When their emotionally shattered colleagues brought me the news of their untimely deaths in quick succession, I could not believe or understand how the lives of such cheerful, healthy and active youngsters could get snuffed out for no apparent reason at all. I had to attribute both the deaths to a fatal overdose of stress which is quite common in their profession where there is always a race between deadlines that are close and sales targets that are always far.

While both of them were cheerful boys with no bad habits, one of them was not only a fitness freak and regular gymmer but was also guiding others as a fitness trainer. Yet, perhaps in the guise of cruel fate, unrestrained stress took its toll.

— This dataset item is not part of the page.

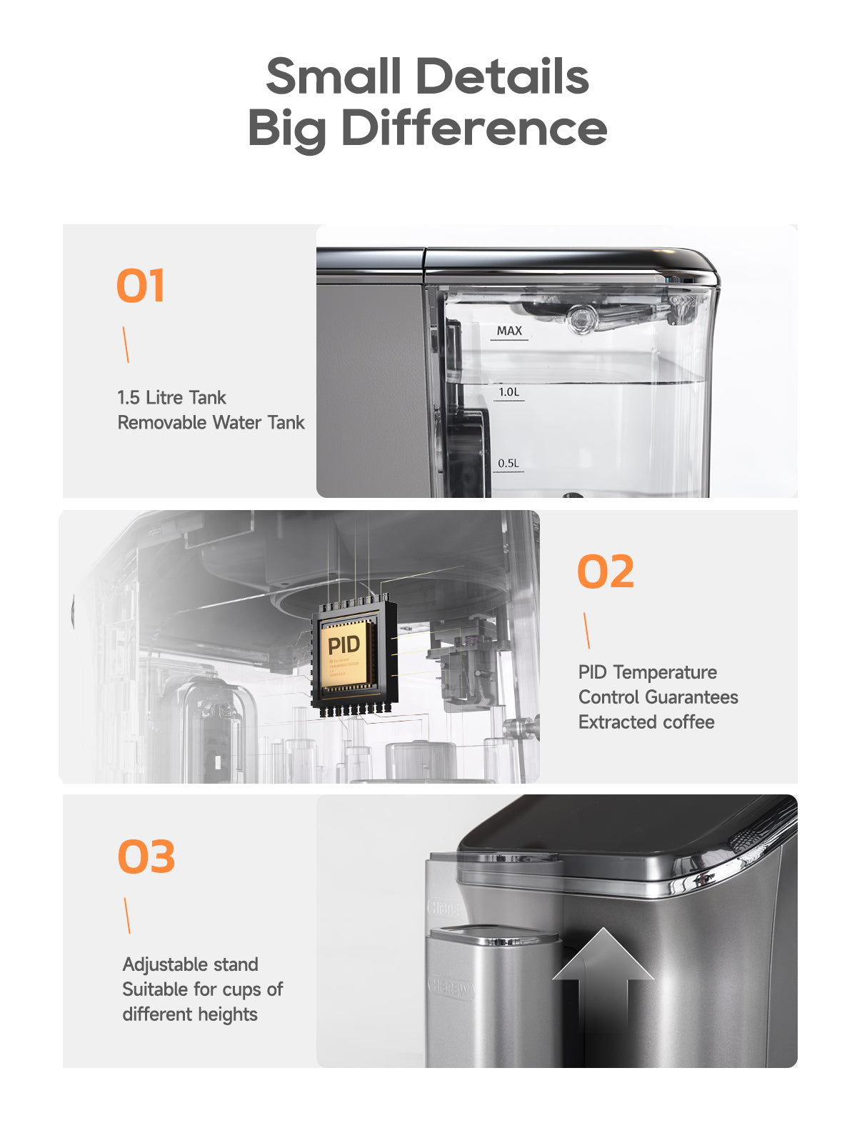 Featuring a durable stainless steel conical burr grinder with 15 grind levels, the H16 lets you customize the grind size for optimal flavor.

Although stress is an unavoidable part of our modern day lifestyle and although a modest dose of it is good to spur us towards our goals, it should not be allowed to mar our health and consequently our life itself. Stress, although all pervasive now, can still be made an avoidable hazard if we do not set unrealistic goals for ourselves. That is the lesson to be learnt from these two deaths.

Dr. K. Javeed Nayeem, MD
e-mail: kjnmysore@gmail.com
Courtesy: Star Of Mysore

Click here to go to the main page of Star of Mysore.
Click here to go to the main page of Mr. K. B. Ganapathy.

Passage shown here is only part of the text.